Similar with polyhedron, attraction, and dimensional magnetic fields. They are likely broken in such a temperature and replaced by some other field with almost same property.

• ⌬Hypercluster's polyhedron field: Forms ~Icosi [tetra/dodeca] hedron. Polyhedrons' roles are almost same as supercluster space; decreasing energy of certain object so it does not completely destroy entire hypercluster.
• ~Icositetrahedron: Appears around objects producing immense amount of energy such as stars, holes and stuff like those.
• ~Icosidodecahedron: Appears around powerful events such as explosion of Instabilized supercluster.
• ⌬Hypercluster's attraction field: Almost exactly same as supercluster's, but has two bosons.
• Boson 1: Its job is same as in-supercluster attraction bosons: it randomly travel from particle to particle, and has about 1/10 chance of connecting striked dimensional gas particle and other dimensional gas particle that it started jumping with 1D string then goes away after successfully connecting two particle.
• Boson 2: Unlike in supercluster, 1D strings don't attract two connected particle by its own; here, the second attraction boson flows on string. When it collides with dimensional gas particle on the other side of string, two particle gets little closer. another second attraction boson flows through string, and it attracts particles closer. And that's what replaces attraction.
• ⌬Hypercluster's dimensional magnetic field: It is also same as supercluster's D-magnetic force, but this field has two bosons that carry D-magnetic force.
• Special dimensional magnetic force bosons: These bosons are infinitely stronger cousin of original D-magnetic field bosons. Same particle as light, but acts between several dimensions.
• Tail bosons: Tail bosons are negative mas particles that is trapped by wave of Special dimensional magnetic force bosons. The tail boson resonates right behind the special dimensional radiation boson, and creates two wavelength different from D-radiation. This boson transfers its mass to particle that host D-radiation hit.

## ⌬Ultramassive Stars

In hypercuster space, there are HUGE dimensional gas (OF COURSE made of particles that work in infinite temperature of hypercluster) nebula formed by collisions of superclusters. Nebula usually concentrates around supercluster's polyhedron, by enormous portion of spacetime web heading toward supercluster. If the weight of D-gas is large enough, rest is done by inside force of supercluster.

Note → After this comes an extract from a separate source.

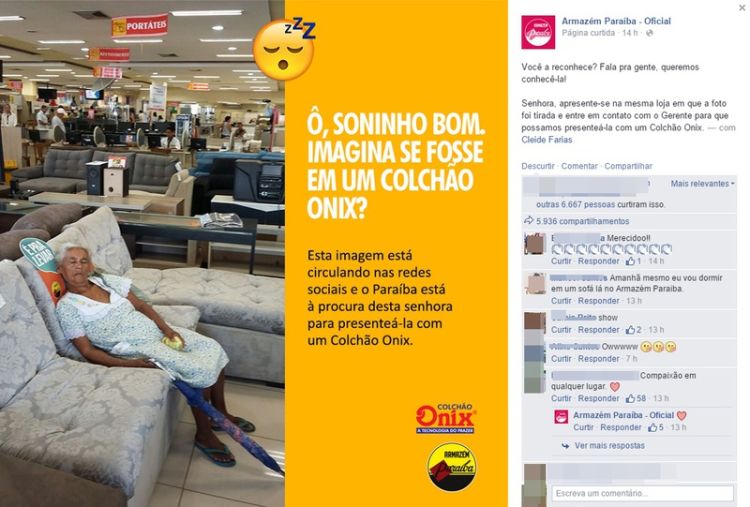 "Ô, soninho bom. Imagina se fosse em um colchão Onix? Esta imagem está circulando nas redes sociais e o Paraíba está à procura desta senhora para presenteá-la com um Colchão Onix", diz a postagem.

Little special thing about stars of hypercluster is, that they are most abundant object in the hypercluster. Mainly because the superclusters are so easily engulfed by sticking nebula, and one other reason being stars are almost completely indestructible from outside force, granting it greater lifespan than Superclusters safe from destruction.

NOTE: indescribable energy of hypercluster space melts away barriers of verses, but does not destroy anything inside it. This creates so-called "transparent verses". Their inner observers are able to observe objects inside hypercluster, unlike inside supercluster, which does not have enough energy level to melt away verse barriers.

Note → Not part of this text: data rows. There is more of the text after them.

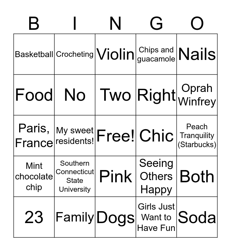 This bingo card has a free space and 24 words: Southern Connecticut State University, Family, Two, 23, Nails, Basketball, Food, Crocheting, Chic, Pink, Right, Paris, France, Seeing Others Happy, Both, No, Girls Just Want to Have Fun, Peach Tranquility (Starbucks), Violin, Oprah Winfrey, My sweet residents!, Soda, Mint chocolate chip, Chips and guacamole and Dogs.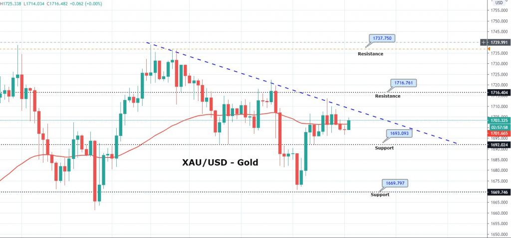 Gold prices closed at 1700.67 after placing a high of 1714.26 and a low of 1691.87. Overall the movement of GOLD remained bullish throughout the day, but it ended at the same level it started its day with. Gold rose on Monday on the rising threats of a new trade war between the United States and China over the COVID-19 pandemic global spread. A 0.4% rise in prices could be seen on Monday due to emerging safe-haven appeal in the market.
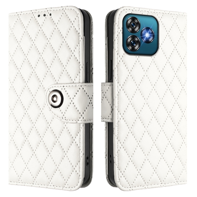 Funda de Cuero con Tapa y Textura Rombal para Oukitel C53 con Cordón (Blanco)

CONTINUED NOTE: objects of hypercluster will surely be mystical and byotiful from perspective inside verses, but they will be like inaccessible background that changes actively for eternity.

### ⌬Type UM1 star

UM1 star observed from transparent universe.

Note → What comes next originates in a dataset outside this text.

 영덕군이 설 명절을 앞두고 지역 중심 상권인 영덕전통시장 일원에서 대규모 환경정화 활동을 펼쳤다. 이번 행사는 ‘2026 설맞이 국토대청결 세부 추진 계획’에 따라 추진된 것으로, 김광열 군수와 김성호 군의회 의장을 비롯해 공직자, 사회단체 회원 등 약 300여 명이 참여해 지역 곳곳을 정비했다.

If supercluster is too small to hold back collapse of D-gas (more than level 5), it completely shatters away. Energy given off presses supercluster core so hard, that supercluster core contains every single drop of supercluster's mass. Enveloped in ultracomplicated hyperdimensional polyhedron, core's Hyper-D polyhedron corner generates duality core (usually the center of Box galaxy cluster) with mass few millions of times smaller than itself.

As the star gains more and more mass from tail bosons, inner polyhedron layer contracts, while outer layer expands. Outer layer slowly escapes from star, and stops expanding if it finds equilibrium between radiation pressure from the star and contraction.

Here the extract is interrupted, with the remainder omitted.